Parents' attitudes towards apprenticeships improving
Apprentices at BAE System's Warton site
Nearly half of British parents would encourage their children to take an apprenticeship but 14 per cent still see them as inferior to a degree.
The YouGov survey of more than 2,000 parents of children aged 11 to 18, commissioned by BAE Systems and the Royal Academy of Engineering and published today at the UK Skills Show in Birmingham, found that 46 per cent would recommend the route to their children.
A positive shift in attitudes towards apprenticeships was revealed as 29 per cent of those surveyed said they now see the training schemes as a viable option for their children, admitting that five years ago an apprenticeship was not something they would have ever considered.
In particular, 42 per cent said that their perception of apprenticeships had changed positively in the last year, while over two-thirds (67 per cent) were pleased that apprenticeships are now presented as an attractive option for young people.
Forty-three per cent agreed that an apprenticeship is the smart way to get an education leading to a good job and over a quarter (26 per cent) concurred that an apprenticeship is more useful than a university degree in view of the on-the-job training provided.
Minister of State for Skills and Enterprise, Matthew Hancock MP, said: "These figures are encouraging to see. I want choosing to go to university or beginning an apprenticeship to become the new norm for young people, and I'm pleased to see that attitudes are changing.

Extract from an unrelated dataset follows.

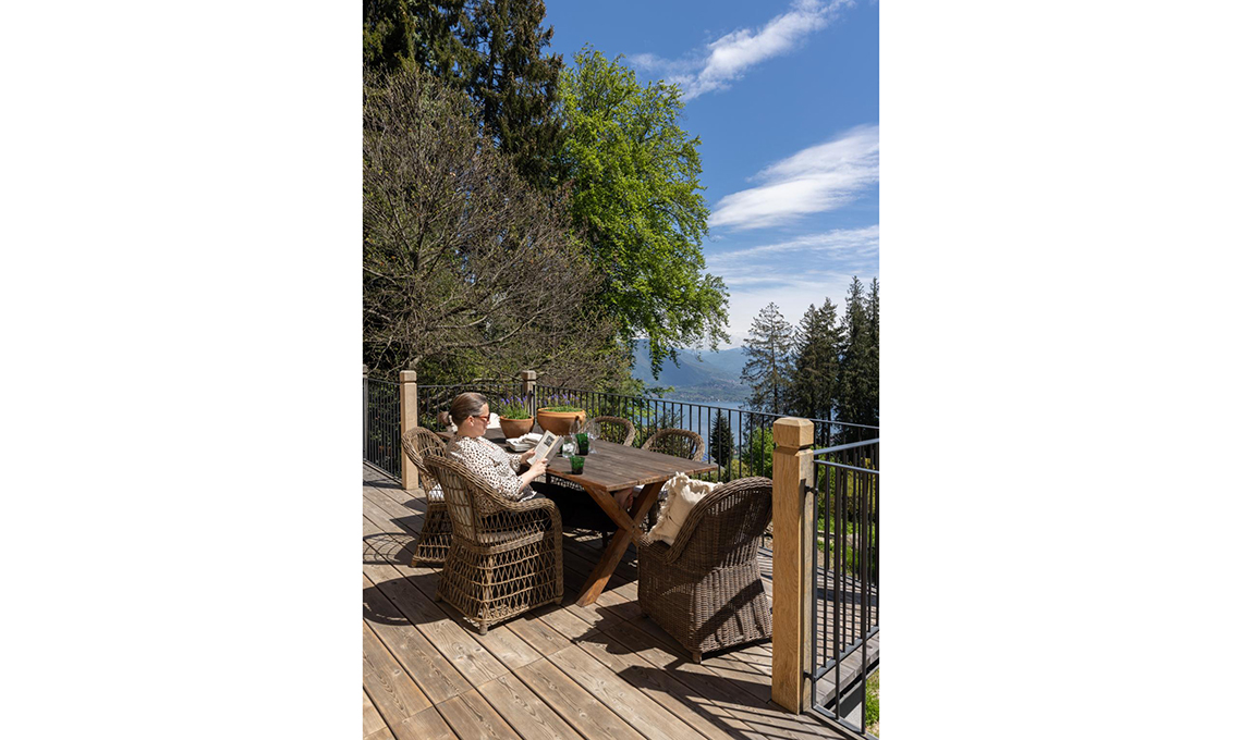 Meghan e Tomas vivono a Londra e cercano una casa per le vacanze in Italia. La storia di come siano arrivati a scoprire questa villa Liberty all’Alpino, un tempo località di villeggiatura nobile tra il Lago Maggiore e il Mottarone, è un incastro di circostanze fortunate. Una collega italiana di Meghan suggerisce la zona, la coppia si imbatte nell’elegante dimora che, incredibilmente, è in vendita. «Ci hanno incantato la vista sul lago e la facciata» dice Meghan. «Con una ristrutturazione completa l’abbiamo adattata ai nostri bisogni e ora ci viviamo tutto l’anno. E ha un nome splendido: Le Pré Fleuri, vale a dire Il Prato Fiorito».

“There is still work to do though and we have recently carried out an extensive review of Apprenticeships in the UK. I am looking forward to delivering a reformed system that works even better for employers as well as learners."

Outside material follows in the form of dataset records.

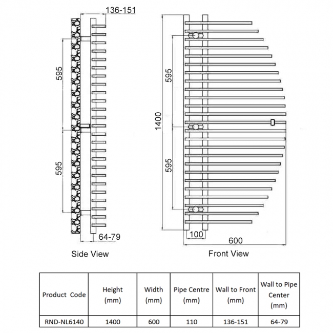Reina Mini Round Thermostatic Element 600W - Chrome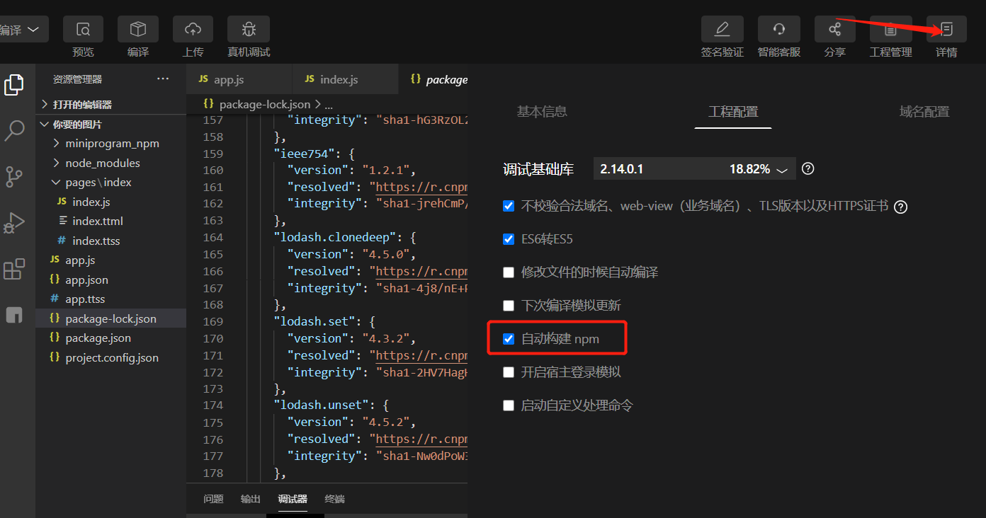 需要注意的是字节跳动开发工具里的构建npm在详情——工程配置——自动构建npm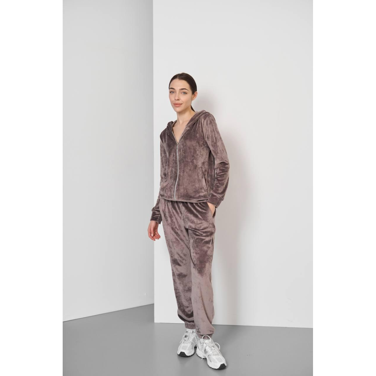 Жіночий велюровий костюм на змійці з капюшоном Шоколадний, M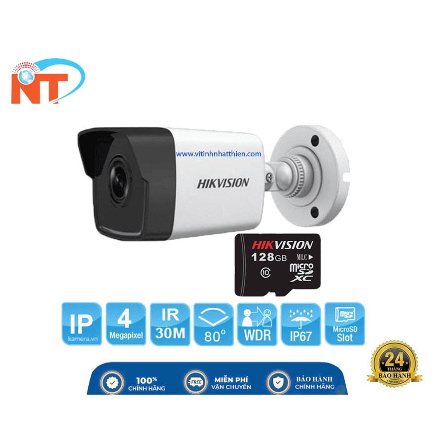 CAMERA IP HỒNG NGOẠI 4.0 MEGAPIXEL HIKVISION DS-2CD1043G0-IUF tích hợp mic thu âm và khe cắm thẻ nhớ

However, the research illustrated that old prejudices towards apprentice schemes – particularly among higher earning households – still remain.
Those with incomes of £100,000 or more were more than twice as likely (12 per cent) as those with a household income of between £35,000 and £39,999 per year (5 per cent) to see apprenticeships as something they would encourage other people's children to do, but unsuitable for their own offspring.
Almost half (46 per cent) of parents surveyed admitted they are worried by the amount of student debt young people can accrue – up to £43,500 – but acknowledged it doesn't put them off persuading their children to go to university.
The research has been released today ahead of a debate being jointly hosted the Royal Academy of Engineering and BAE Systems at the Skills Show, which will explore the perceptions, value and future of apprenticeships in the 21st century.
Sir John Parker, president of the Royal Academy of Engineering, said: "If the UK's industrial strategy is to be successful in its delivery, we will need a much bigger push for apprenticeships and other vocational pathways to engineering careers, so I am delighted to see that perceptions are changing for the better.
"Apprenticeships will not only play an important role in helping to meet the increasing demand for engineers and technicians, but I know from first-hand experience that apprenticeships give young people a brilliant start to their engineering careers."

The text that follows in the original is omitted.